* RECORDS SHOWN:
------------------------------------------------

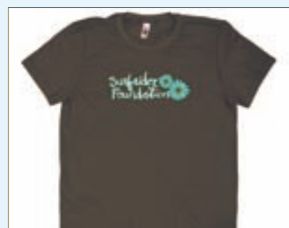
DAISY II S/S organic brown cotton t-shirt (women's only) L-XL $22
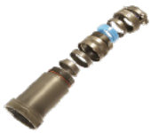
Band Lock Adapter
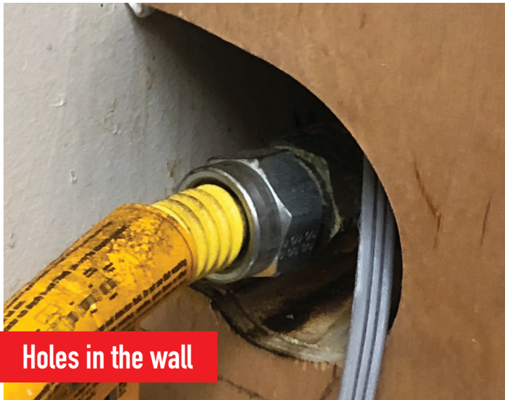
Holes in the wall
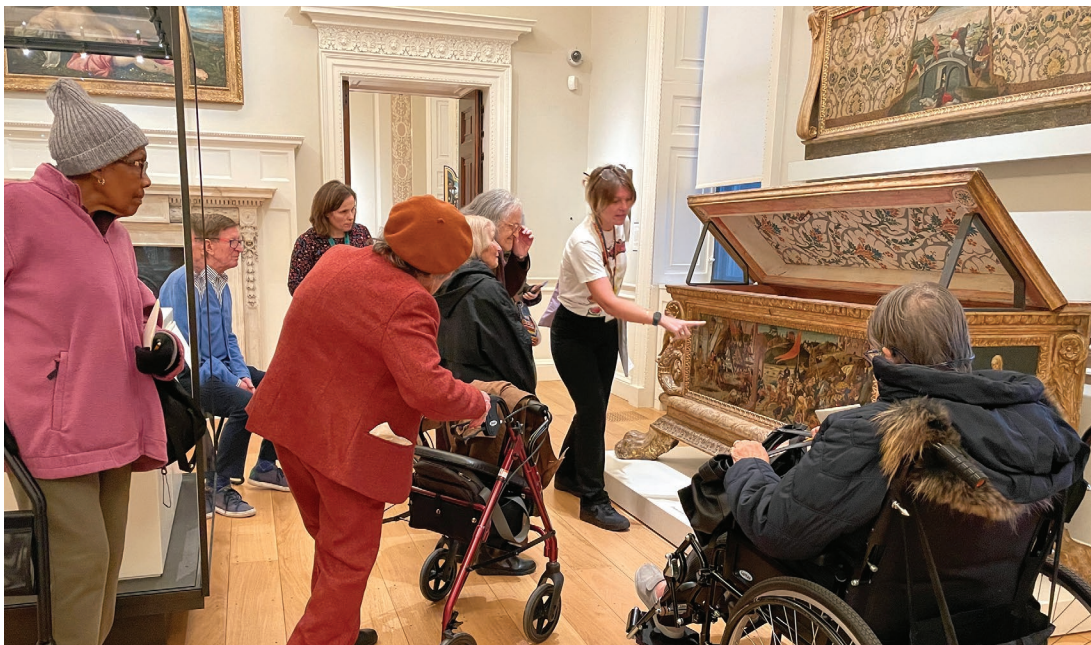
Phone group members visiting the Beyond the Streets exhibition at the Saatchi Gallery
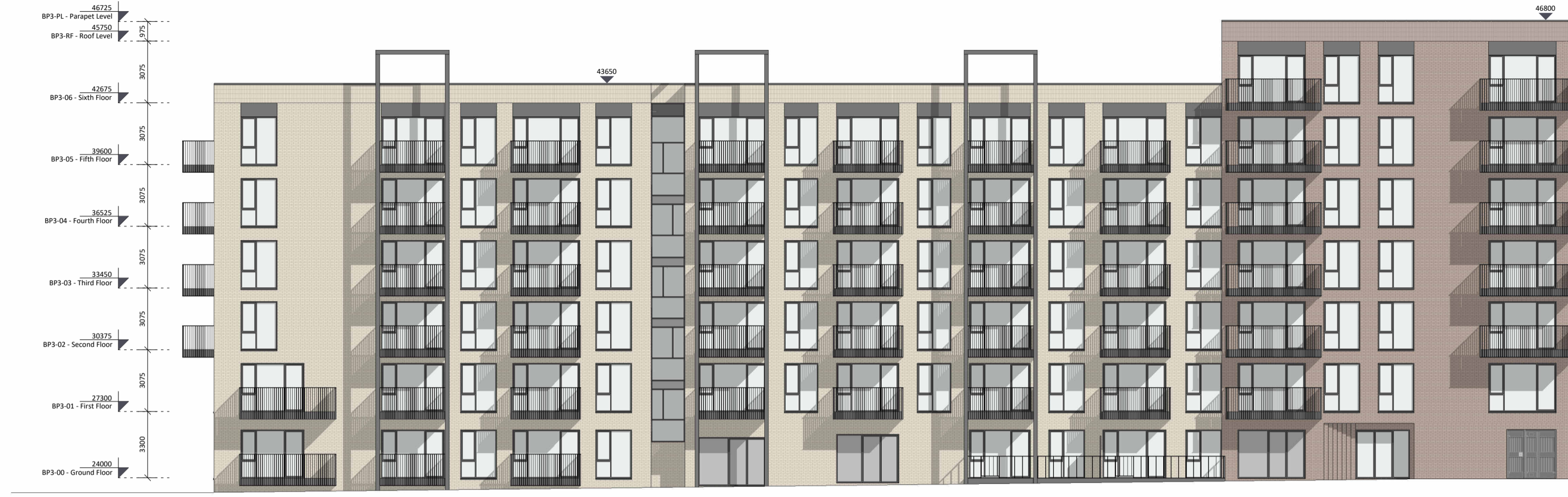
① Block P - East Elevation 1 : 200
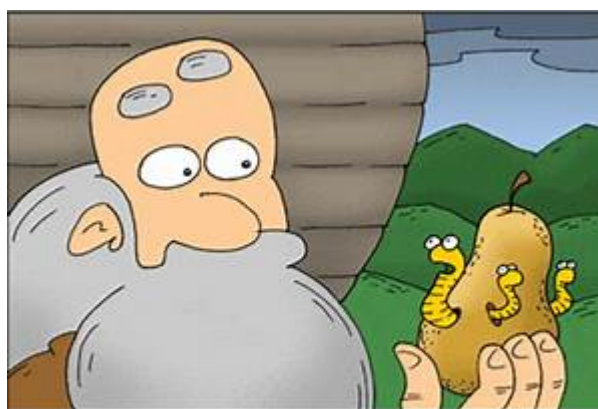
WE WERE TOLD YOU WERE TAKING CREATURES THAT CAME TO YOU IN PEARS
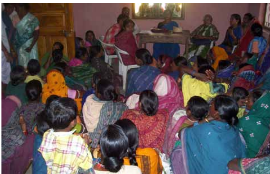
GP Level Meeting on NREGA; Empowering people through sharing of information

In FES operating districts, those who managed to work for 100 days are in a minority. In some cases, families with no job cards adjusted themselves with the work force of families possessing job cards thereby making the cumulative man-days reach the 100 mark. Reluctance of job card holders to tap the MGNREGA channel could be on account of many reasons: projects being implemented far out of their village, types of work that doesn’t suit them, and lack of awareness on fixed wages. Further, there were more projects and investments in road construction/rural connectivity and other infrastructure projects that are not labour-intensive.
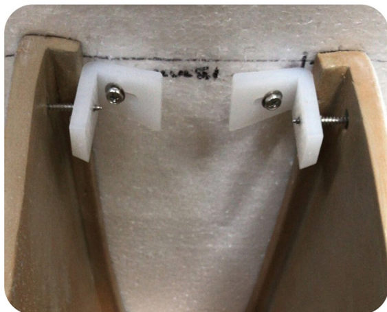
4) Installed the semi pedestal

------------------------------------------------

* DESCRIPTION OF THE TASK: Give the lines again exactly, starting where the entries begin and stopping once the line with "WE WERE TOLD" is included; pictures are not copied.

* RESPONSE TO THIS EXERCISE:
DAISY II S/S organic brown cotton t-shirt (women's only) L-XL $22
Band Lock Adapter
Holes in the wall
Phone group members visiting the Beyond the Streets exhibition at the Saatchi Gallery
① Block P - East Elevation 1 : 200
WE WERE TOLD YOU WERE TAKING CREATURES THAT CAME TO YOU IN PEARS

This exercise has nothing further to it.